WHAT TO DO – This task calls for the lines below starting at the one containing "round-neck sweater A" and ending at the one containing "区分EFD的一重要方面在于它", repeated exactly with both ends kept and pictures left out.
::: SOURCE RECORDS
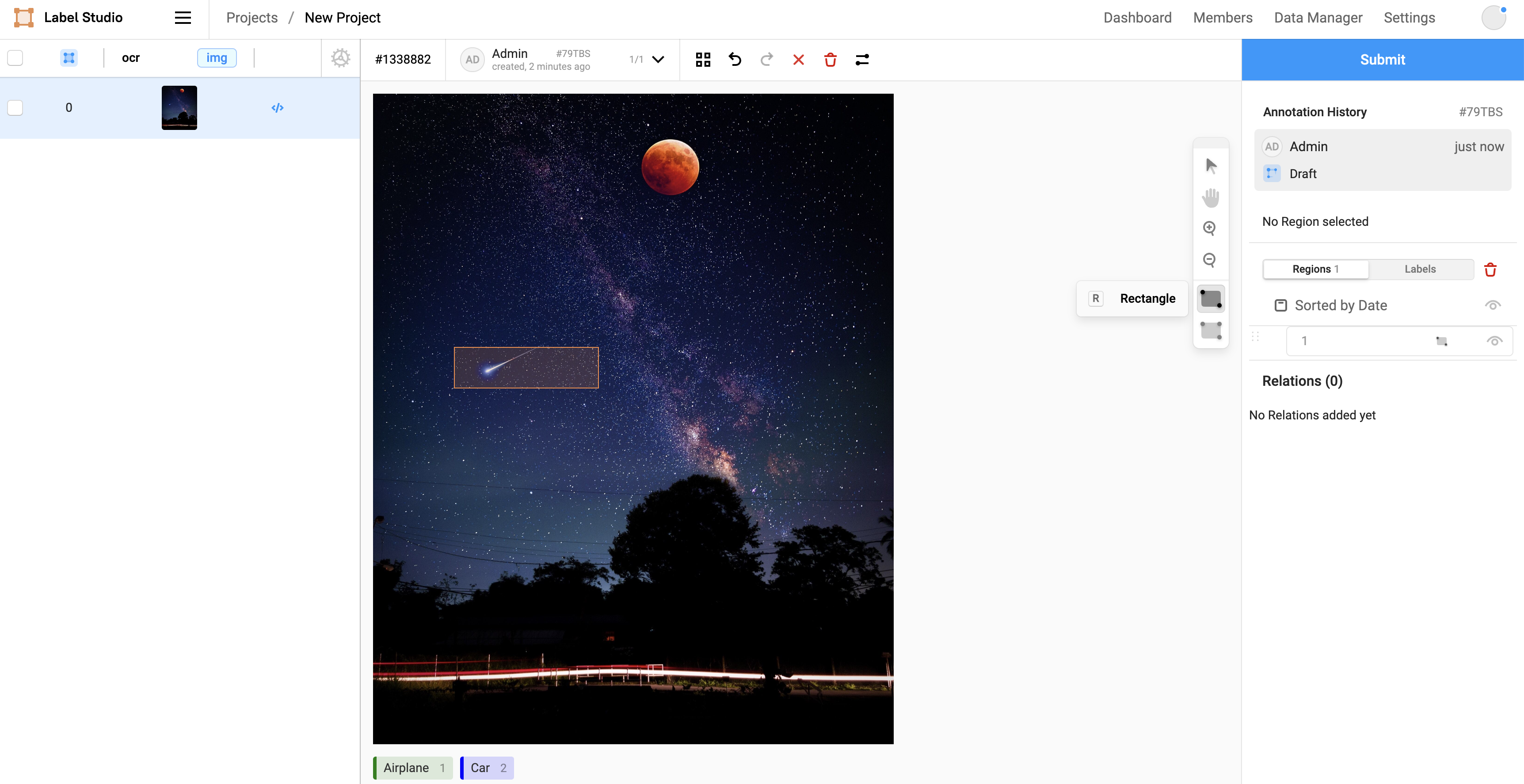 If you want to perform object detection, you need to create a labeled dataset. Use the following template to add rectangular bounding boxes to images, and label the contents of the bounding boxes.
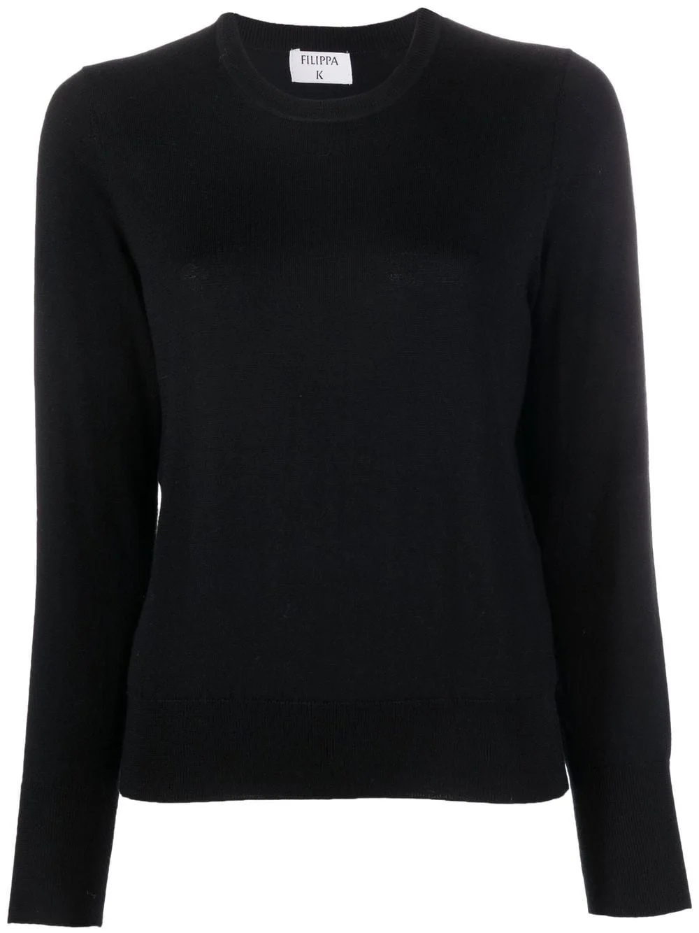 round-neck sweater A simple yet beautiful black jumper by Filippa K. Made from RWS wool in fine knit, with a crew neck, long sleeves and a straight hem. Imported Composition RWS Wool 100% SIZE & FIT Model measurements Height 5 ft 9 in(1.75 m) Bust/Chest 32.67 in(83 cm) Hips 36.22 in(92 cm) Waist 24.8 in(63 cm) FittingInformation This piece fits true to size. We recommend you get your regular size Cut for a relaxed fit Made with a mid-weight fabric Washing instructions Hand Wash
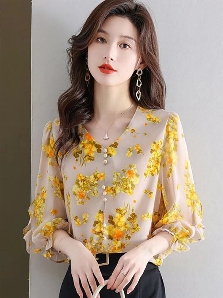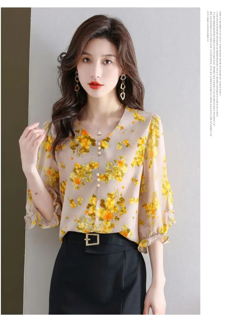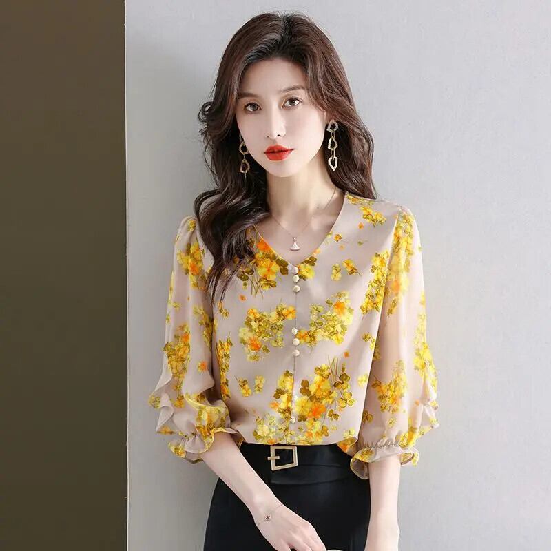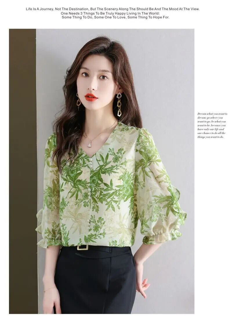 送料無料 ヴィンテージプリント V ネックバタフライスリーブシフォンブラウス女性 2024 夏ルーズオールマッチトップスオフィスレディシャツ サマー 夏物 Vネック ビンテージ 会社 学校 通勤や通学にも AE1288776661065282707
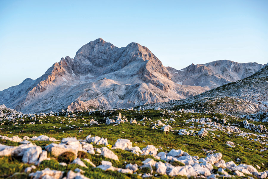 We take a slight descent towards the mountain refuge, where we spend our first evening. From here, the views of Mount Triglav are spectacular, and for those craving more walking we can climb the neighbouring summit (an additional hour’s hike) for an alternative view of Slovenia's highest peak.
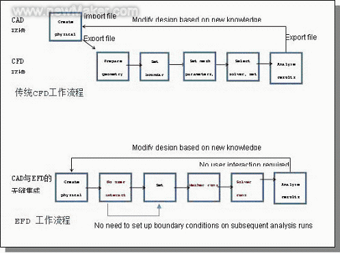 区分EFD的一重要方面在于它无缝集成于工程师所熟悉的机械CAD软件包。安装EFD软件后,所有需运行流动或热分析的菜单和命令都集成于CAD软件包。EFD将CAD和CFD两者的功能紧密结合(见图1),其拥有的几大主要优势在于:
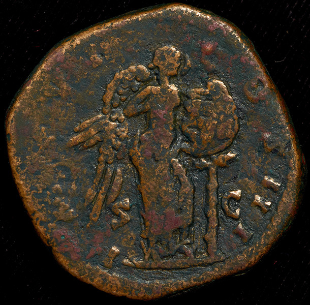 Легенда реверса: IMP(erator) VI CO(n)S(ul) III / S(enatus) C(onsulto)(Император 6 раз Консул 3 раз / Повеление Сената).
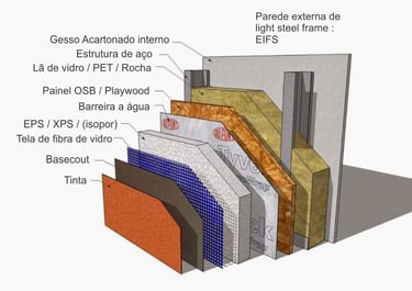 No Brasil, a opção que mais cresce de frames é com aço galvanizado (steel frame), todos os demais ítens da construção são os mesmos dos EUA: chapas, lã de vidro, massas, parafusos, etc.
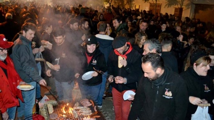 A les nou del vespre la plaça ja era ben plena de veïnats i veïnades que esperaven el caliu de les torradores per poder començar a sopar. El pa, la llonganissa, els botifarrons, la panxeta i el llom no varen faltar damunt les torradores i amb la panxa plena molts dels assistents a la festa varen agrair el vi, la mistela i les herbes que el Patronat de Sant Antoni va oferir a tothom.
::::::
ANSWER TO THIS TASK –
 round-neck sweater A simple yet beautiful black jumper by Filippa K. Made from RWS wool in fine knit, with a crew neck, long sleeves and a straight hem. Imported Composition RWS Wool 100% SIZE & FIT Model measurements Height 5 ft 9 in(1.75 m) Bust/Chest 32.67 in(83 cm) Hips 36.22 in(92 cm) Waist 24.8 in(63 cm) FittingInformation This piece fits true to size. We recommend you get your regular size Cut for a relaxed fit Made with a mid-weight fabric Washing instructions Hand Wash
 送料無料 ヴィンテージプリント V ネックバタフライスリーブシフォンブラウス女性 2024 夏ルーズオールマッチトップスオフィスレディシャツ サマー 夏物 Vネック ビンテージ 会社 学校 通勤や通学にも AE1288776661065282707
 We take a slight descent towards the mountain refuge, where we spend our first evening. From here, the views of Mount Triglav are spectacular, and for those craving more walking we can climb the neighbouring summit (an additional hour’s hike) for an alternative view of Slovenia's highest peak.
 区分EFD的一重要方面在于它无缝集成于工程师所熟悉的机械CAD软件包。安装EFD软件后,所有需运行流动或热分析的菜单和命令都集成于CAD软件包。EFD将CAD和CFD两者的功能紧密结合(见图1),其拥有的几大主要优势在于:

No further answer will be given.